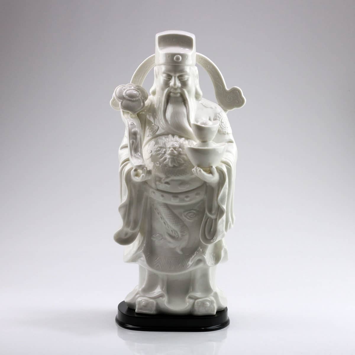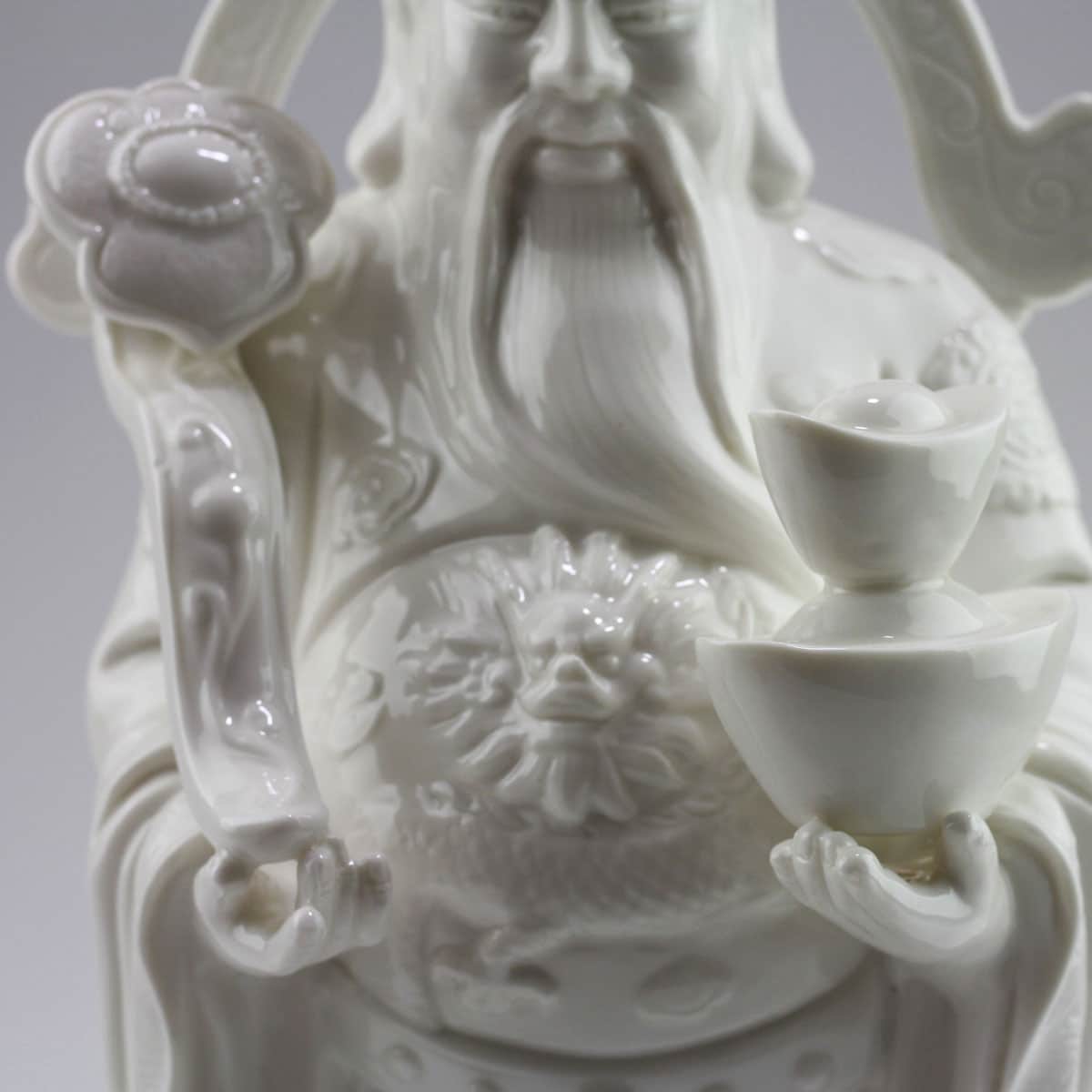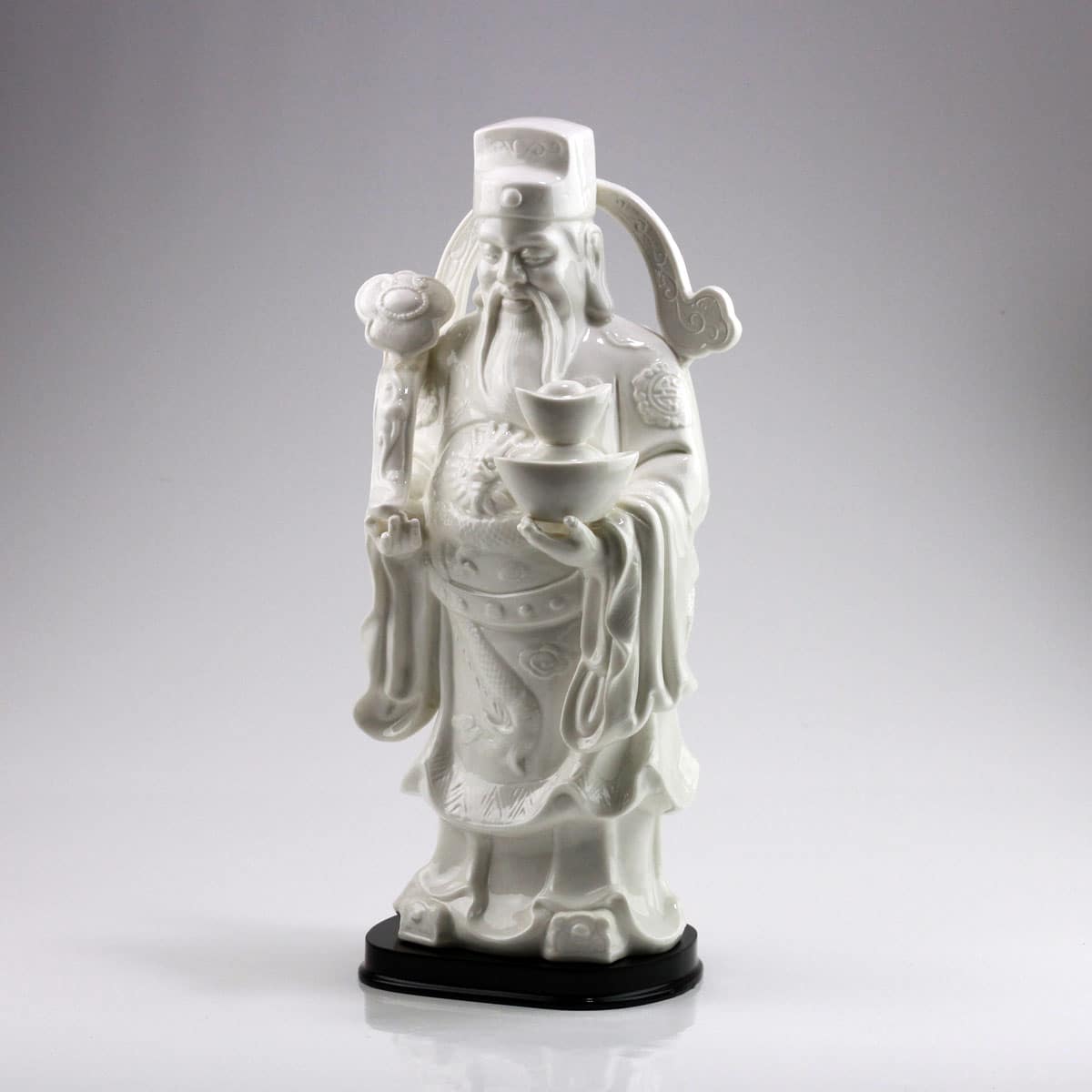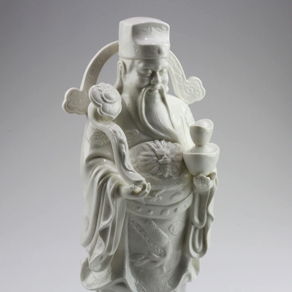 Diese Porzellan-Figur zeigt „Lu“, den Gott des Ansehens, des Reichtums und der Fröhlichkeit in einem prachtvollen Gewand geziert mit einem chinesischen Drachen, Glückssymbolen und Wolkenornamenten. Seine Kopfbedeckung gleicht die eines Mandarin. In seiner linken Hand hält er ein Goldschiffchen, einen Barren, in der rechten das Ruyi-Zepter als stilisierten Lotus, einen traditionellen, chinesischen Talisman. Die weisse Porzellanskulptur ist auf einem festen, dunklen Sockel befestigt (schöner Kontrast).
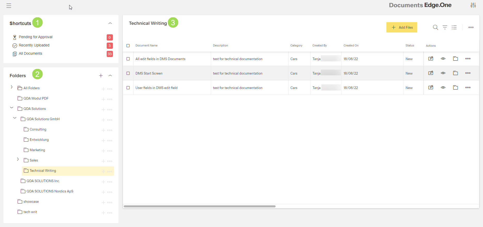 In this area of the screen, all documents contained in the selected folder are displayed. New documents can be added (button +Add Files). Already existing documents can be selected to perform actions according to the table:
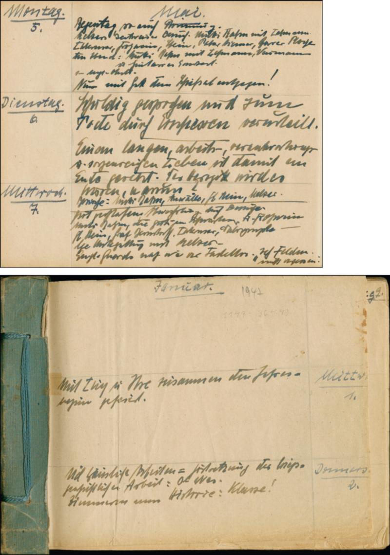 Kesselring, Albert (1885-1960), deutscher Generalfeldmarschall, Oberbefehlshaber der Wehrmacht in Italien, Träger des Ritterkreuzes mit Eichenlaub, Schwertern und Brillanten, eigenhändig geführtes Tagebuch vom 1.Januar 1947 bis zum 30. Juni 1949, auf A5-Blättern im Querformat, wahrscheinlich selbst gebunden (Vorder- und Rückdeckel fehlend). Meist stichwortartige Einträge, dabei Eintrag vom 6.Mai 1947 "Schuldig gesprochen und zum Tode durch erschießen verurteilt….". Ein einmaliges Dokument deutscher Geschichte.
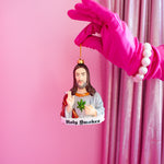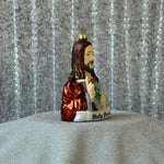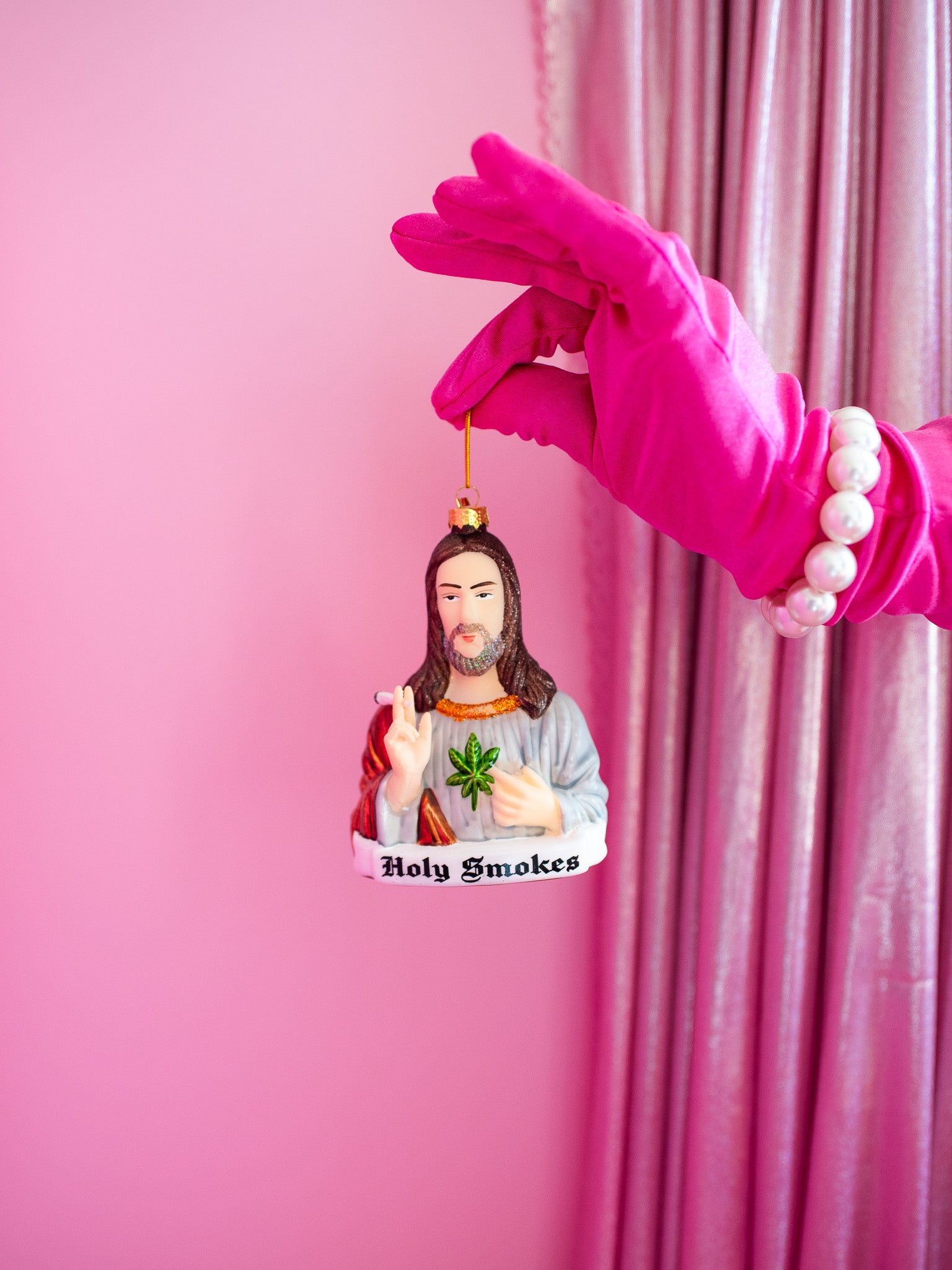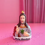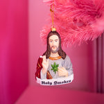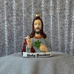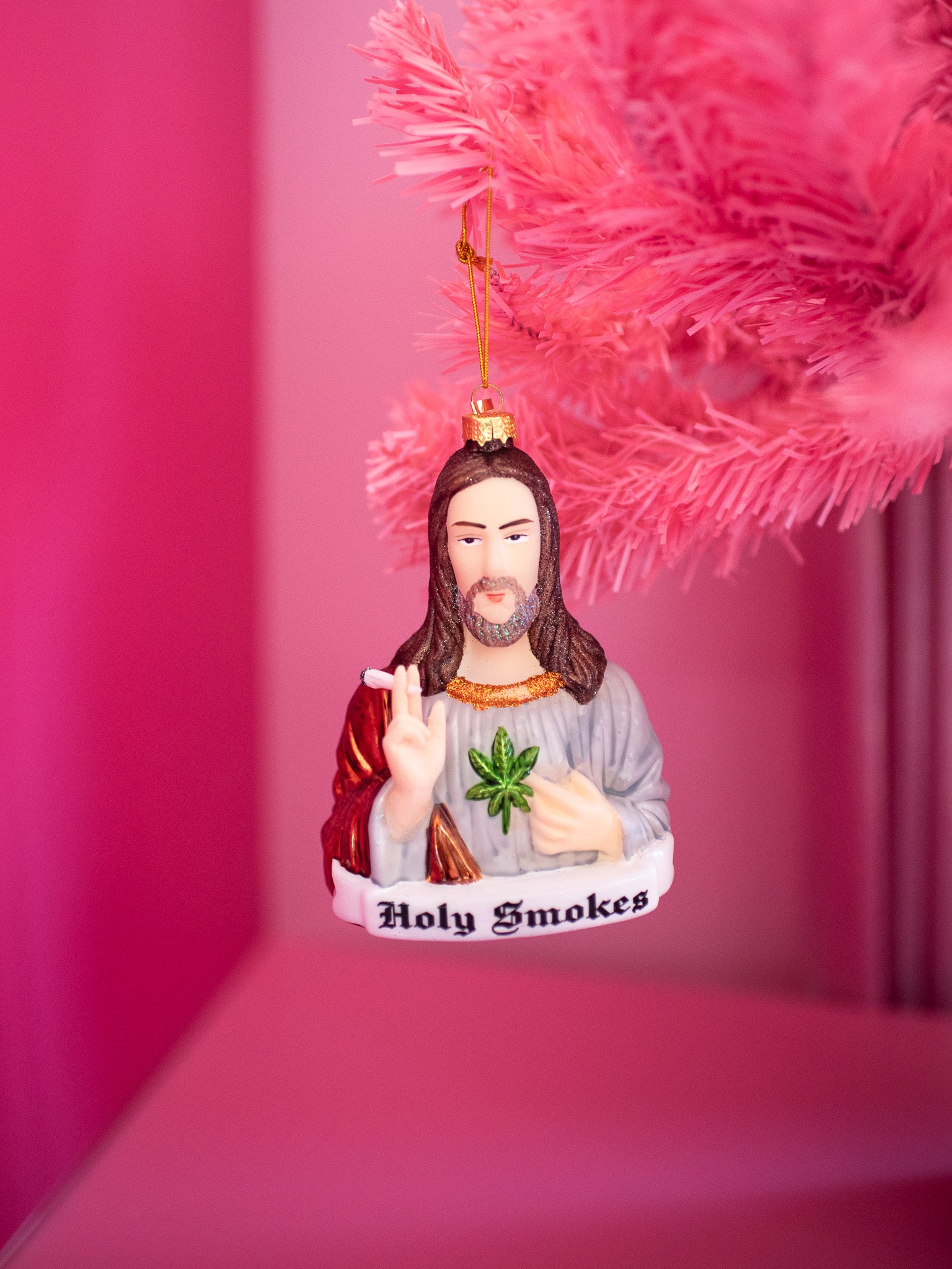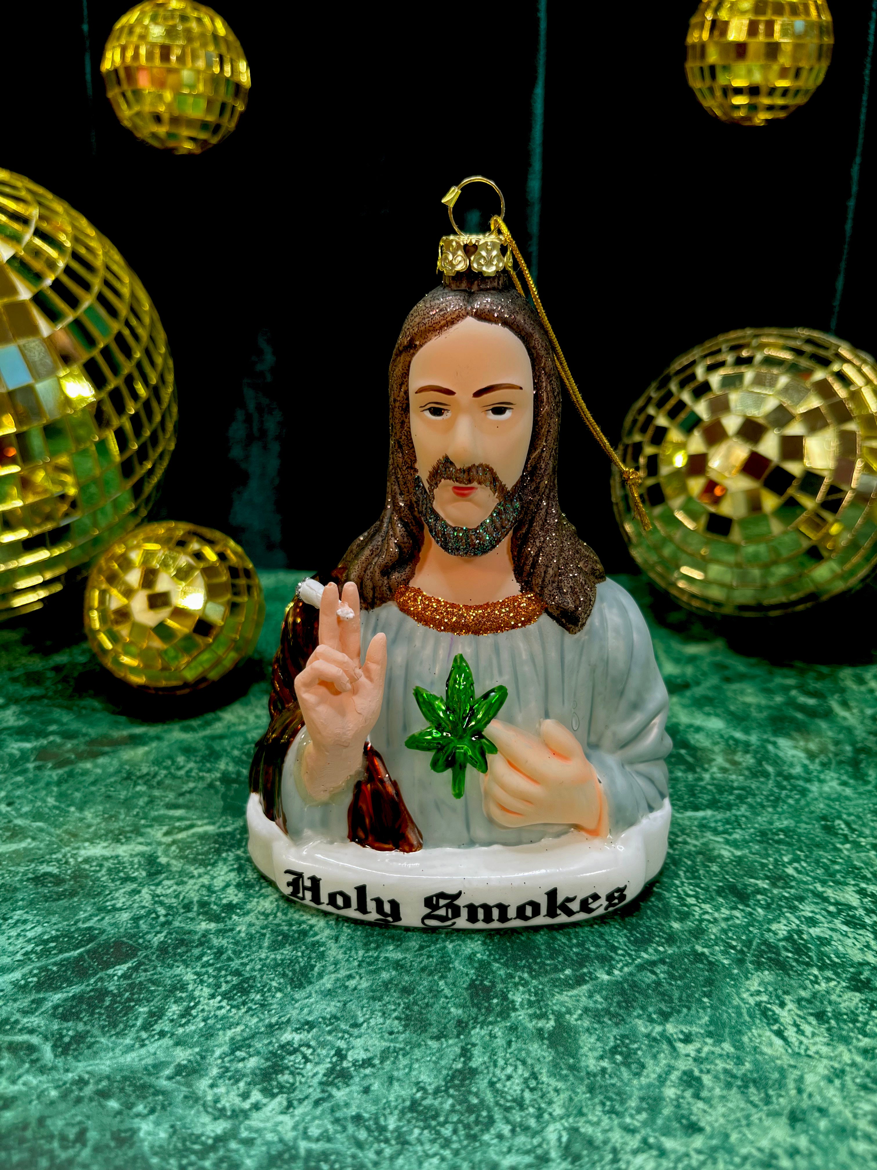 This ornament is made of glass and is shaped like Jesus. He's holding a joint. Instead of a sacred heart, there's a mary jane leaf. The perf gift for your stoner friend <3
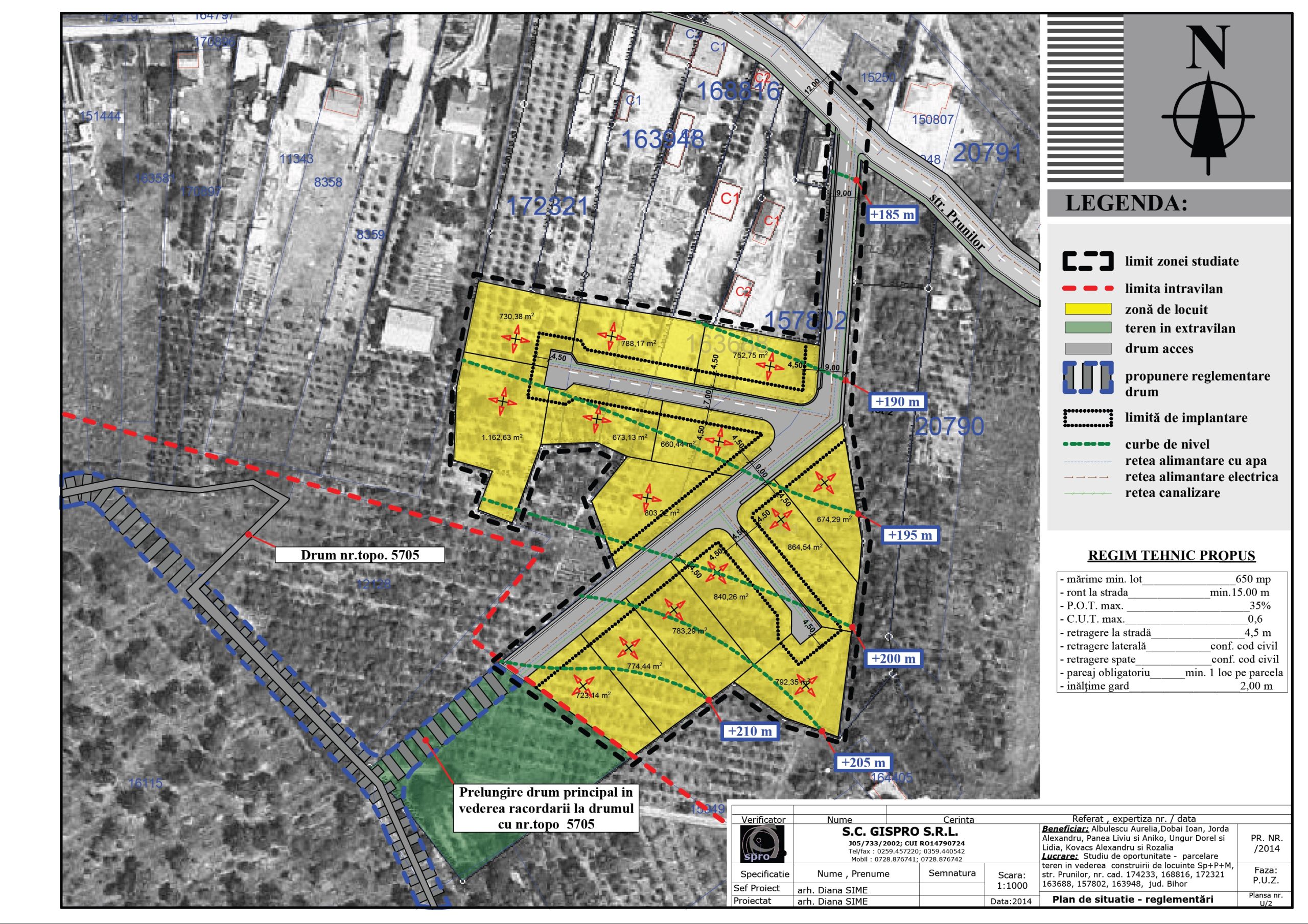 Prin planul urbanistic zonal initiat de Albulescu Aurelia, se propune parcelarea terenului identificat cu nr.cad.174233, nr.cad.168816, nr.cad.172321, nr.cad.163688, nr.cad.157802, nr.cad.163948, in vederea de amplasarii de locuinte individuale , in urmatoarele conditii:
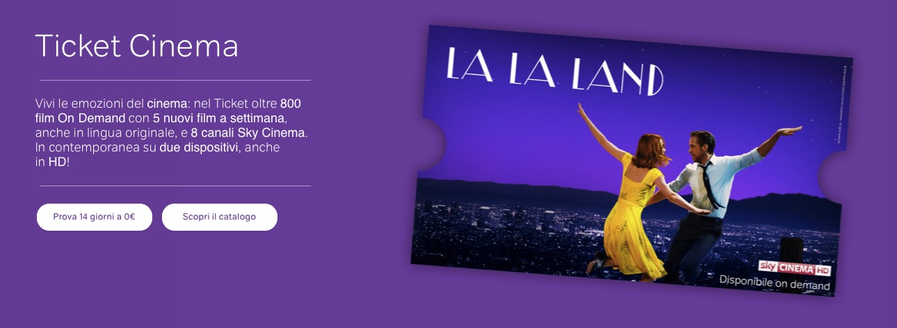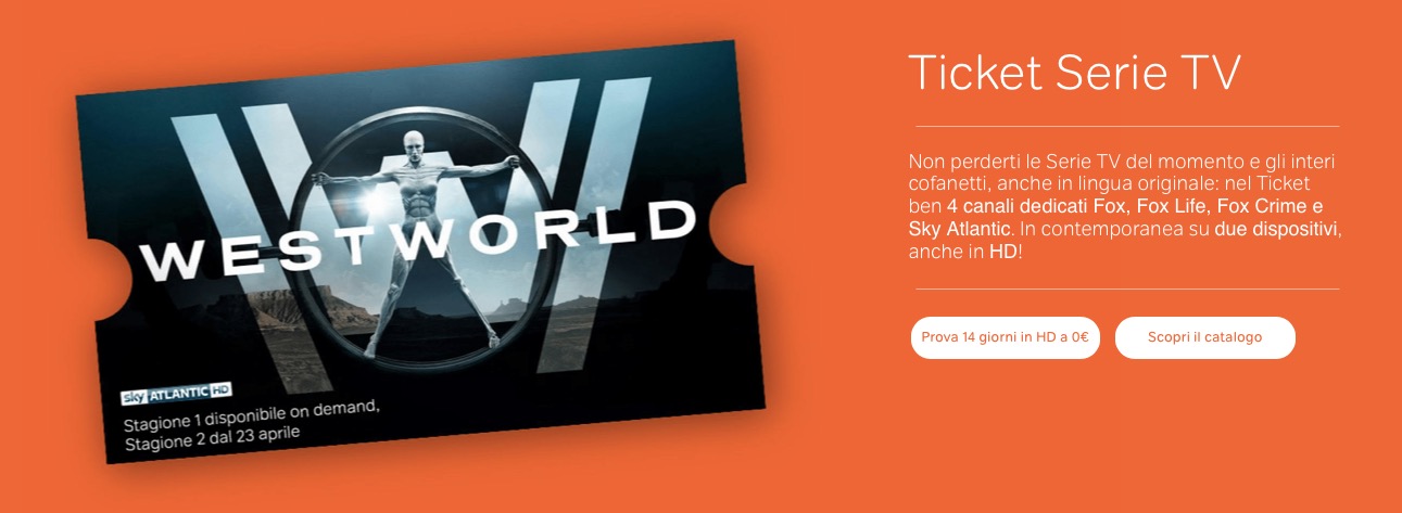 Con il ticket Serie TV è possibile invece guardare i canali Fox Life, Fox Crime, Sky Atlantic, Fox Life HD, Sky Atlantic HD, Fox Crime HDm Fox Channel HD. Anche in questo caso, naturalmente, sono presenti le Serie TV on demand da guardare in qualsiasi momento.

_ _ _

• [Task details] When you reach the line containing "In this area" in the records above, write out that line and every line after it through the end, exactly, but omit the pictures.

• [The answer]
 In this area of the screen, all documents contained in the selected folder are displayed. New documents can be added (button +Add Files). Already existing documents can be selected to perform actions according to the table:
 Kesselring, Albert (1885-1960), deutscher Generalfeldmarschall, Oberbefehlshaber der Wehrmacht in Italien, Träger des Ritterkreuzes mit Eichenlaub, Schwertern und Brillanten, eigenhändig geführtes Tagebuch vom 1.Januar 1947 bis zum 30. Juni 1949, auf A5-Blättern im Querformat, wahrscheinlich selbst gebunden (Vorder- und Rückdeckel fehlend). Meist stichwortartige Einträge, dabei Eintrag vom 6.Mai 1947 "Schuldig gesprochen und zum Tode durch erschießen verurteilt….". Ein einmaliges Dokument deutscher Geschichte.
 This ornament is made of glass and is shaped like Jesus. He's holding a joint. Instead of a sacred heart, there's a mary jane leaf. The perf gift for your stoner friend <3
 Prin planul urbanistic zonal initiat de Albulescu Aurelia, se propune parcelarea terenului identificat cu nr.cad.174233, nr.cad.168816, nr.cad.172321, nr.cad.163688, nr.cad.157802, nr.cad.163948, in vederea de amplasarii de locuinte individuale , in urmatoarele conditii:
 Con il ticket Serie TV è possibile invece guardare i canali Fox Life, Fox Crime, Sky Atlantic, Fox Life HD, Sky Atlantic HD, Fox Crime HDm Fox Channel HD. Anche in questo caso, naturalmente, sono presenti le Serie TV on demand da guardare in qualsiasi momento.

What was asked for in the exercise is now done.